Pour certains, la Suisse est une énigme. Une énigme politique en premier lieu, le système fédéral de gouvernance suisse peut paraître des plus abscons pour un esprit français habitué au centralisme à outrance. Une énigme historique ensuite, l’histoire de ce pays alpin, central en Europe occidentale, n’est que très rarement abordée dans les livres d’histoire français. Tout au plus sait-on que la Suisse est une nation qui défend encore farouchement sa neutralité.
Pourtant, l’histoire helvétique est riche de sa complexité et s’inscrit pleinement dans le contexte belliqueux européen, du moins à la fin du Moyen-Âge et durant la Renaissance. L’une des caractéristiques du pays est l’émergence très tardive d’une identité qui transcende réellement l’appartenance cantonale. Le drapeau suisse présente donc des caractéristiques quelque peu paradoxales, puisqu’il a été adopté très récemment, mais dont l’origine remonte aux premiers siècles de l’ère chrétienne.
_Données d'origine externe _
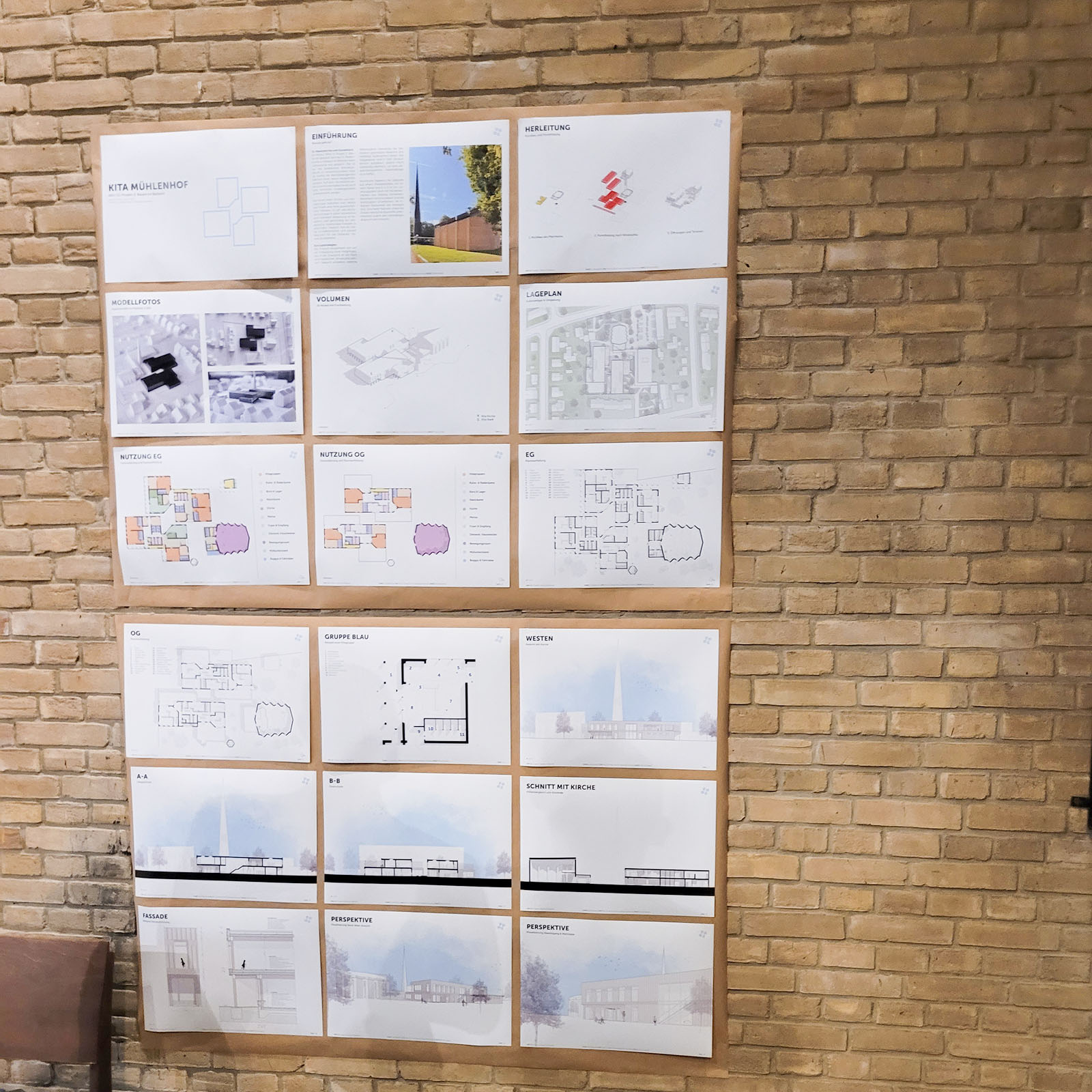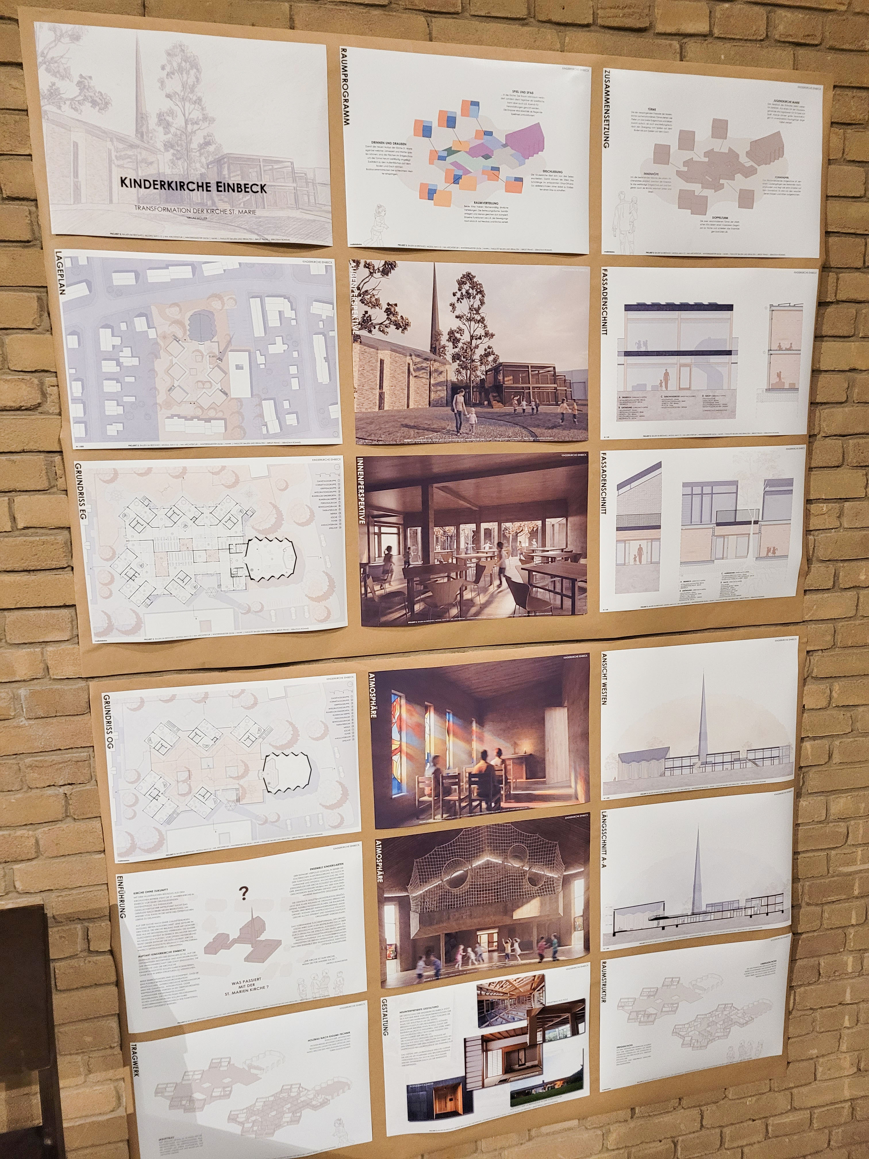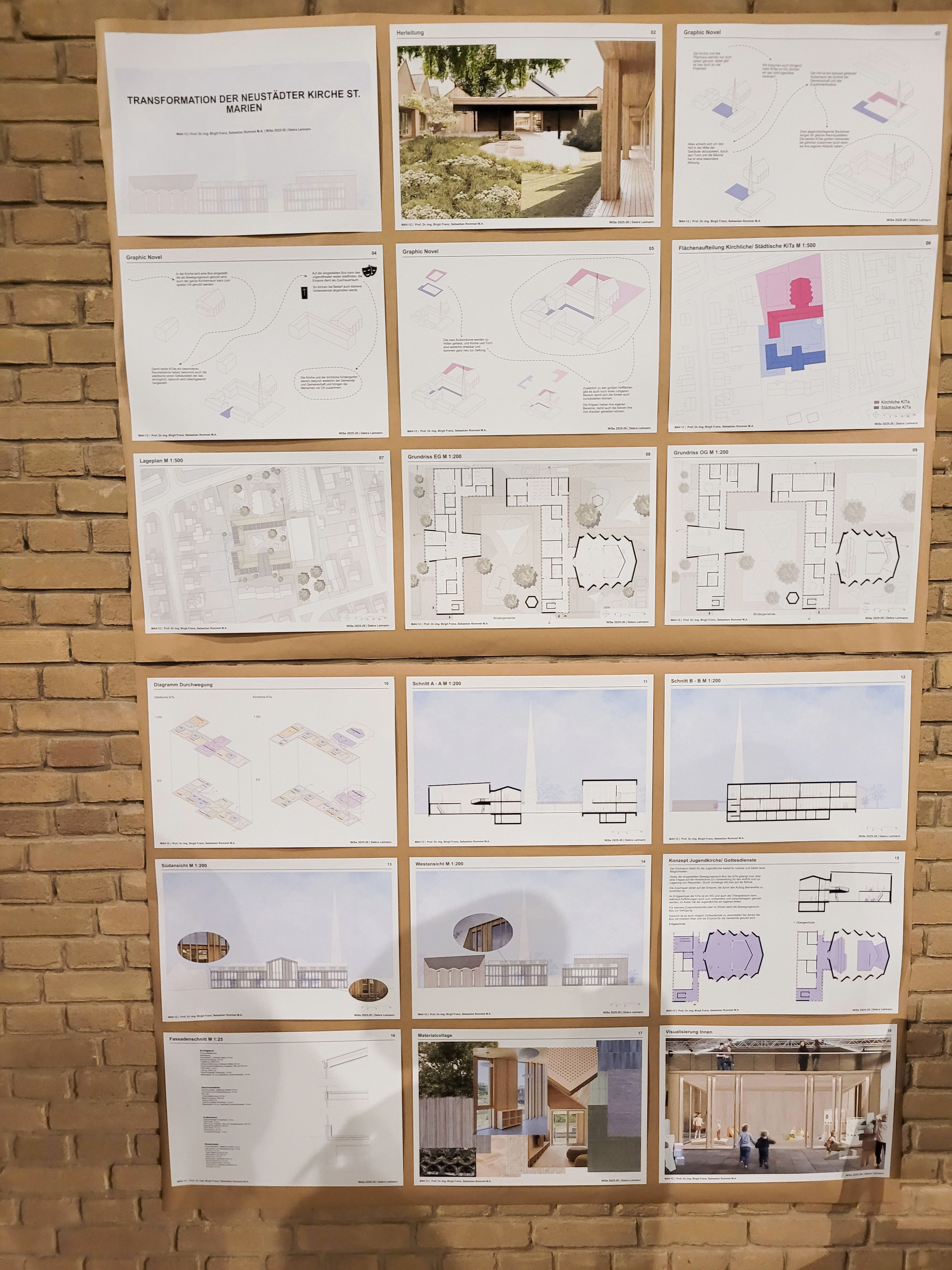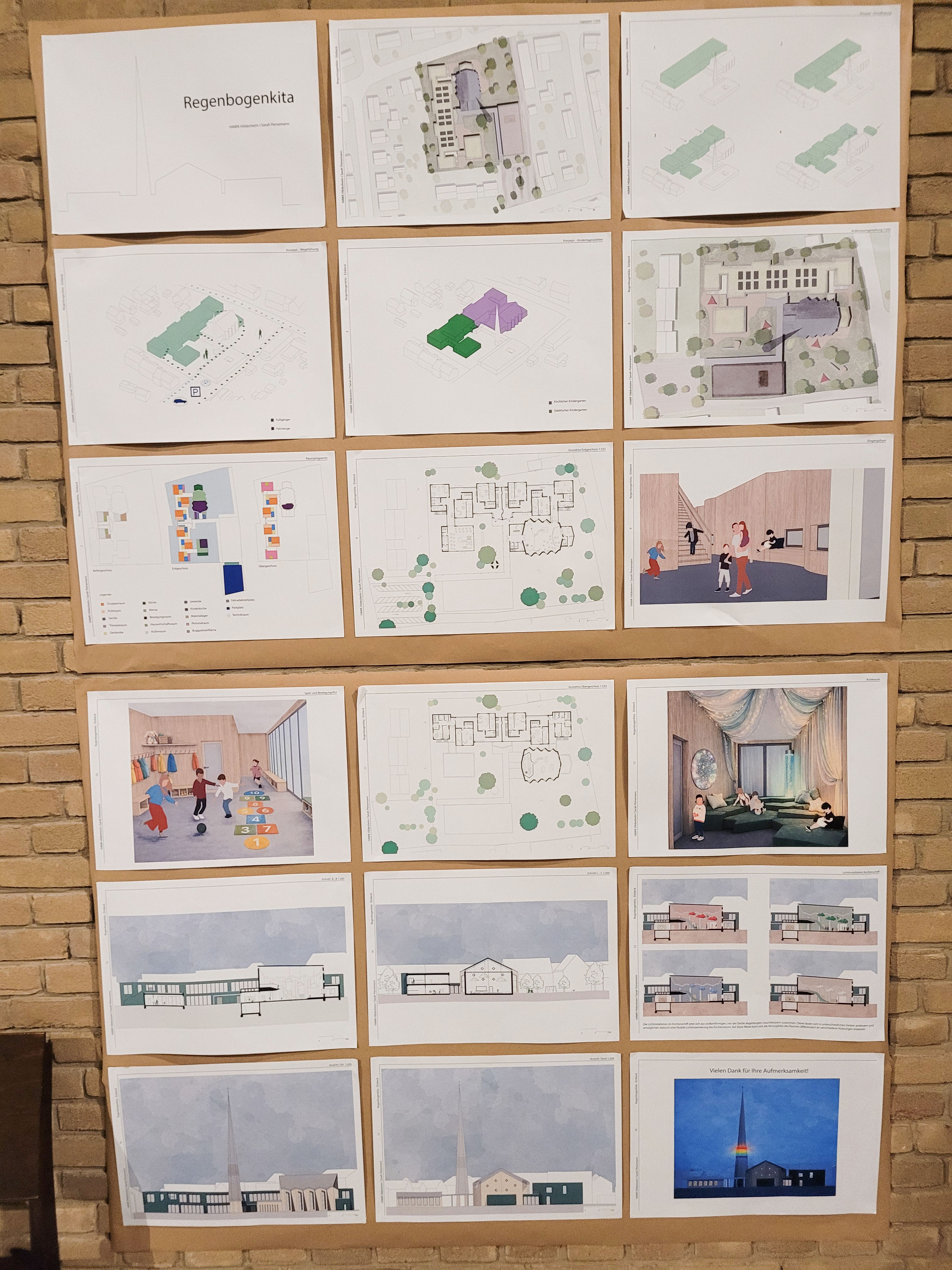 Ausgangspunkt für die studentischen Arbeiten war unter anderem die Frage, ob sich auf dem Gelände zwei Kindergärten – ein staatlicher und ein kirchlicher – realisieren ließen. Diese mögliche Nutzung bildete eine zentrale Grundlage mehrerer Entwürfe und stellte die Verbindung zwischen Kirchenareal und künftiger Bildungsinfrastruktur her.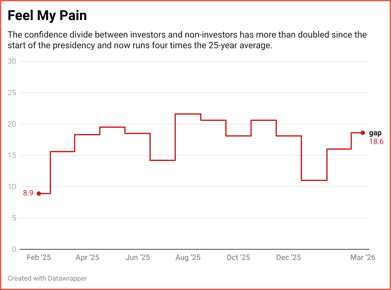 Start with investors versus non-investors. Respondents with at least $10,000 in the stock market registered 59.6 on the optimism index, comfortably above the neutral 50 line. Non-investors came in at 41.0. That 18.6-point gap is larger than the gap recorded in all but eight months of the Index's 302-month (25+ years) history. The historical average is 4.5 points.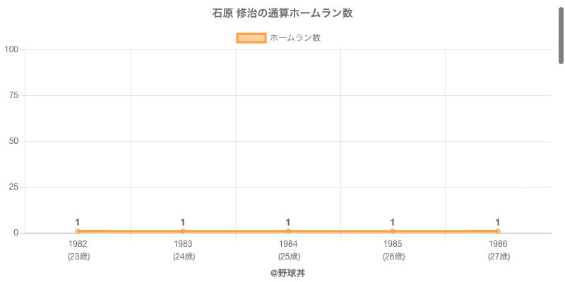 | 1982 | 近鉄バファローズ | 28 | 20 | .100 | 2 | 1 | 4 |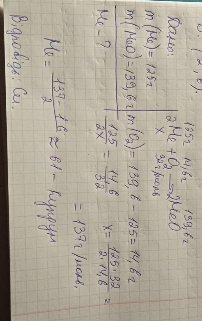 При взаємодії двовалентного металу масою 125 г з киснем одержали оксид масою 139, 6 г. Визначте метал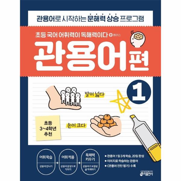 뜻은 물론이고 문맥과 쓰임새까지 알아야 하는 관용어 학습법은 기존의 어휘 학습법과 다르기 때문에 아이들이 어렵고 낯설게 느낄 수 있습니다. 『초등 국어 어휘력이 독해력이다 플러스 관용어편1』은 익숙한 주제인 ‘몸’과 관련된 관용어로 구성되어 있습니다. 따라서 관용어를 쉽고 재미있게 학습할 수 있으며, 그동안 어렵게 느껴졌던 관용어 학습에 대한 첫 발을 뗄 수 있습니다.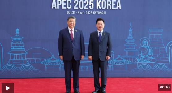 習(xí)近平主席抵達(dá)時(shí),韓國(guó)總統(tǒng)李在明熱情迎接。兩國(guó)元首握手、合影,留下珍貴的“APEC瞬間”。隨后,兩位領(lǐng)導(dǎo)人微笑交談,共同步入會(huì)場(chǎng)。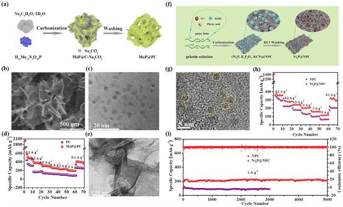 | Fig. 12. (a) Schematic illustration of the synthesis of the MoP@PC. (b) SEM image and (c) high-resolution image of MoP@PC. (d) Rate performance of MoP@PC at various current densities from 0.1 A/g to 5 A/g. (e) TEM image of MoP@PC after 1000 cycles at 5 A/g. Reproduced with permission [92]. Copyright 2021, Elsevier. (f) The synthesis routs of Ni2P@NPC. (g) High-resolution TEM image of Ni2P@NPC. Rate performance (h) and long cycling stability (i) at 1 A/g of Ni2P@NPC. Reproduced with permission [93]. Copyright 2021, Elsevier. | |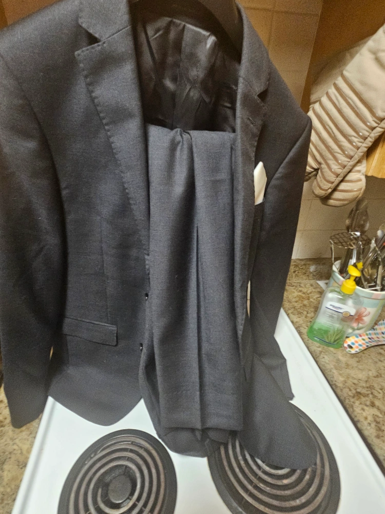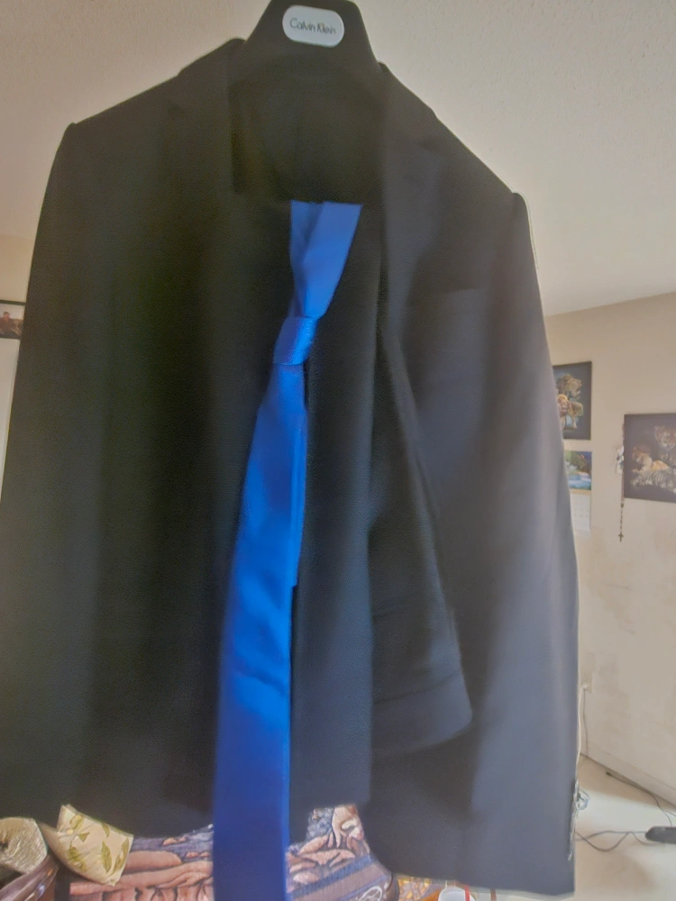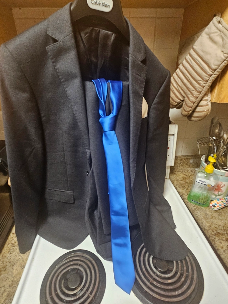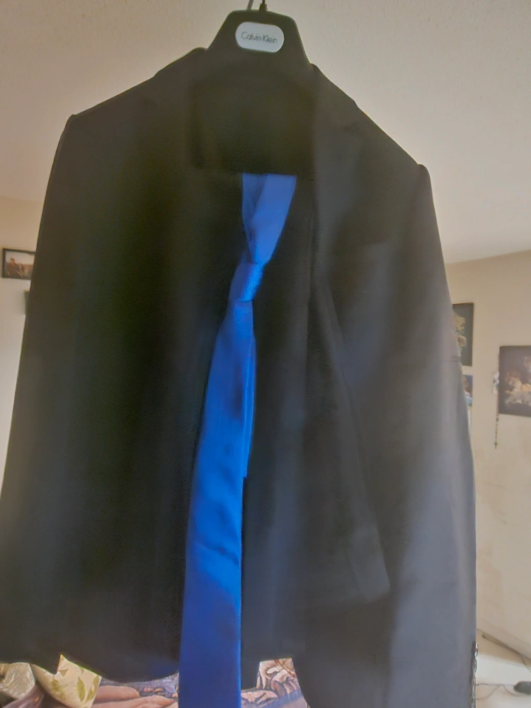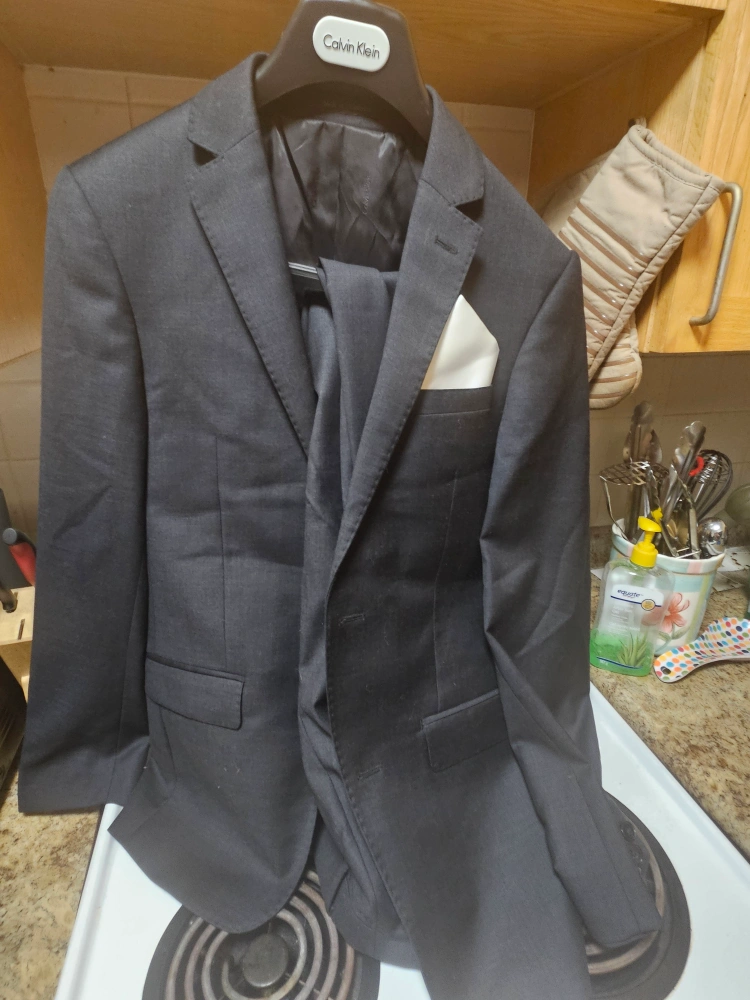 Selling a Calvin Klein suit in black. It's in great condition and ready for a new home! Perfect for interviews, weddings, or any formal occasion. Comes with the jacket and pants. Sorry don't know the size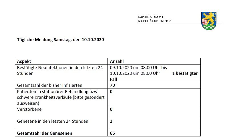 Es gibt einen weiteren Zuwachs, aber sind mehr Personen genesen. Hier die tägliche Corona-Meldung aus dem Landratsamt Kyffhäuserkreis...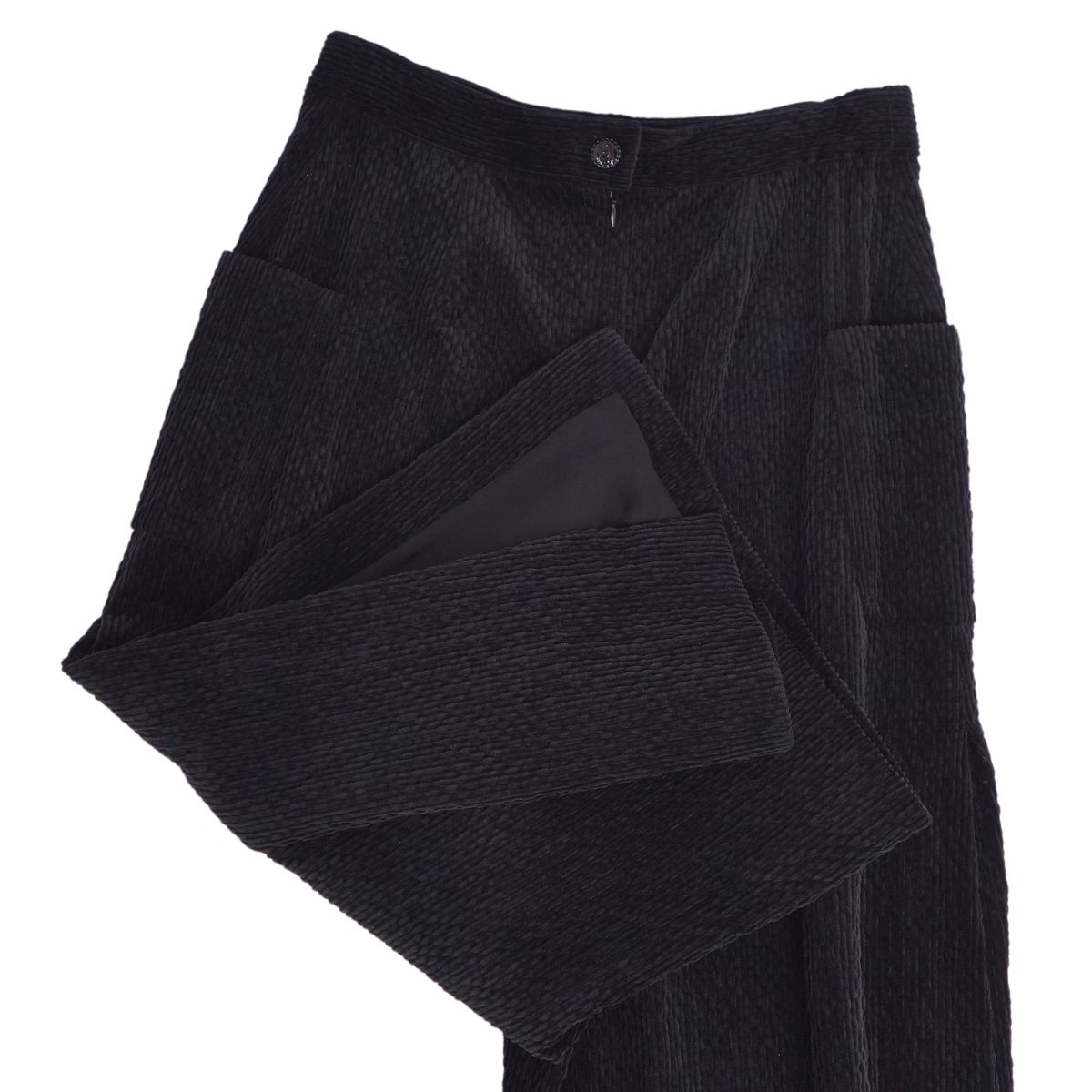 ・肌触り良く光沢感のあるベルベット素材を使用した、CHANELのワイドパンツです♪

La croix suisse remonterait à l’antiquité tardive
Selon le site du dictionnaire historique de la Suisse, le symbole helvétique le plus reconnaissable remonterait aux derniers siècles de l’Antiquité. Une légende rapportée vers le milieu du Vème siècle évoque le martyr dans la région du Valais actuel d’une légion de soldats romains originaires de Thébaïde (en Égypte) qui avait refusé de massacrer des populations chrétiennes vers l’an 300. Le culte qui en a résulté et le symbole de la croix utilisé étaient particulièrement vénérés dans le Royaume de Bourgogne (dont faisait partie la moitié occidentale de la Suisse) au milieu du Moyen-Âge.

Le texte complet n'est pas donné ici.